Excluding images, repeat the data exactly as given.

Source material -
------------------------------
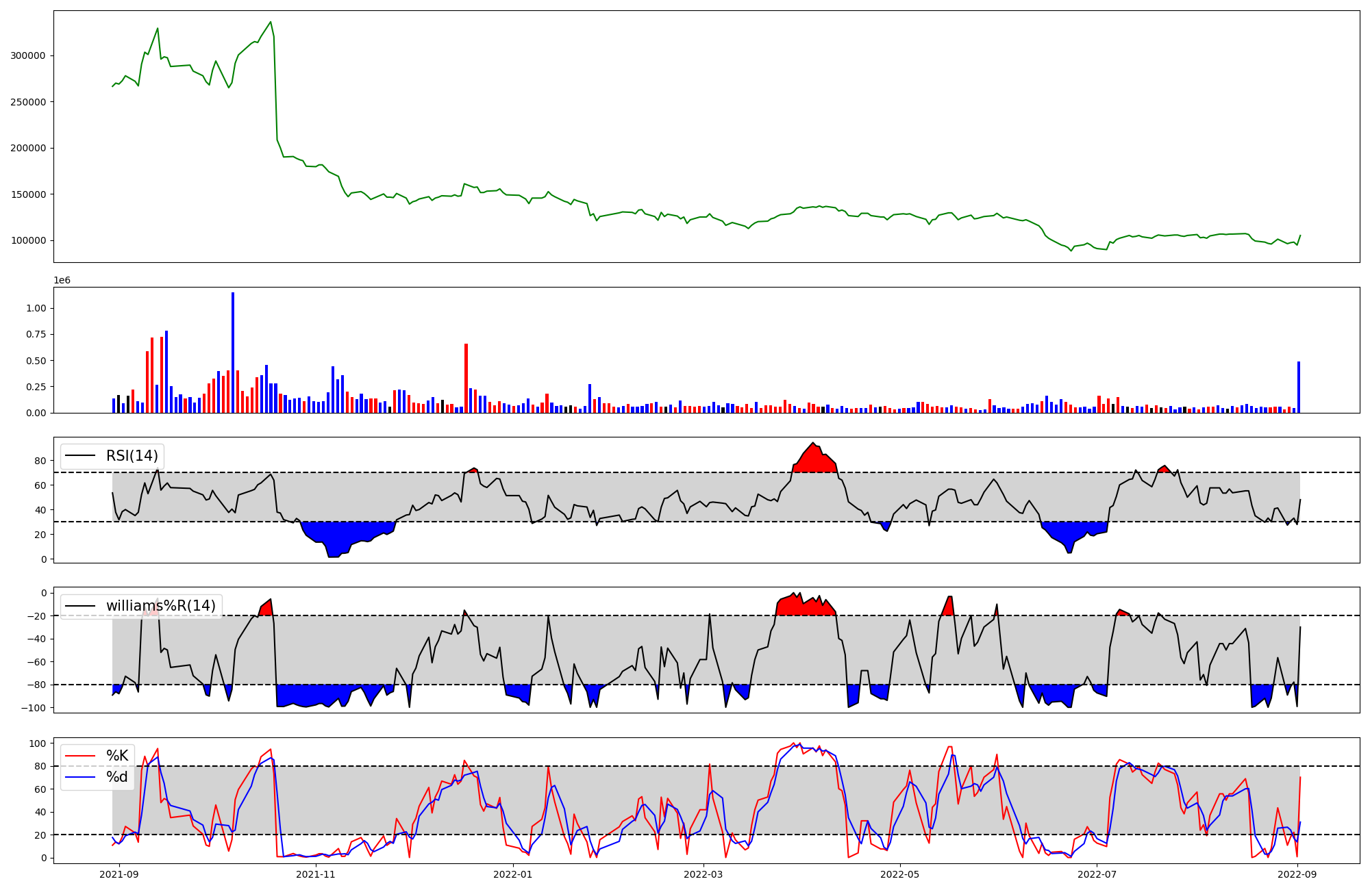 | RSI | Williams %R | stochastic(%K) | |
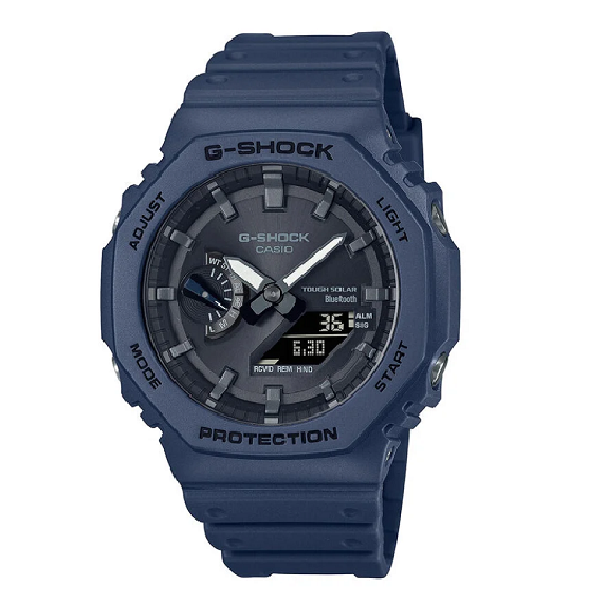 ساعت GA‑B2100‑2ADR از فناوری Tough Solar بهره میبرد، یعنی انرژی مورد نیازش را از نور خورشیدی تأمین میکند.
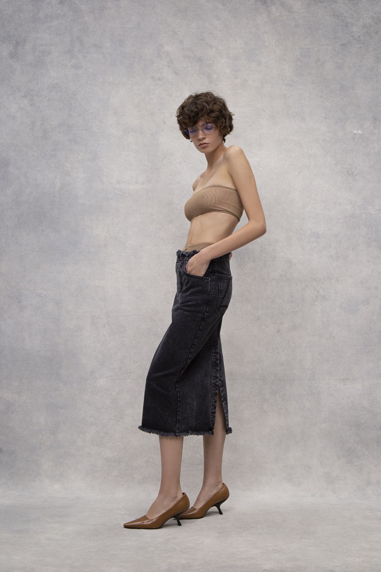 Denim midi-length skirt with classic cut.Composition: 100% Cotton
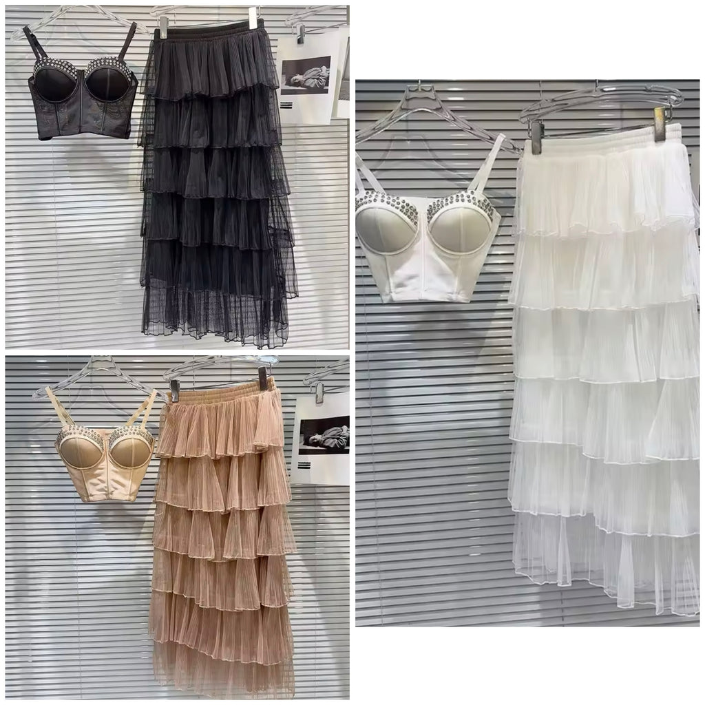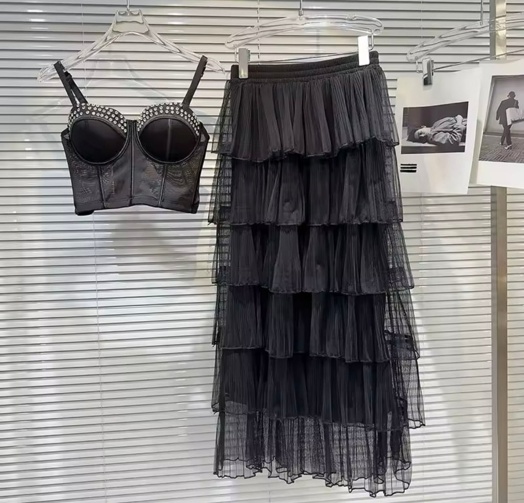 Women Ruffled Bow Tie Full Sleeve Two Piece Bling Skirt Set
------------------------------
Written reply -
 | RSI | Williams %R | stochastic(%K) | |
 ساعت GA‑B2100‑2ADR از فناوری Tough Solar بهره میبرد، یعنی انرژی مورد نیازش را از نور خورشیدی تأمین میکند.
 Denim midi-length skirt with classic cut.Composition: 100% Cotton
 Women Ruffled Bow Tie Full Sleeve Two Piece Bling Skirt Set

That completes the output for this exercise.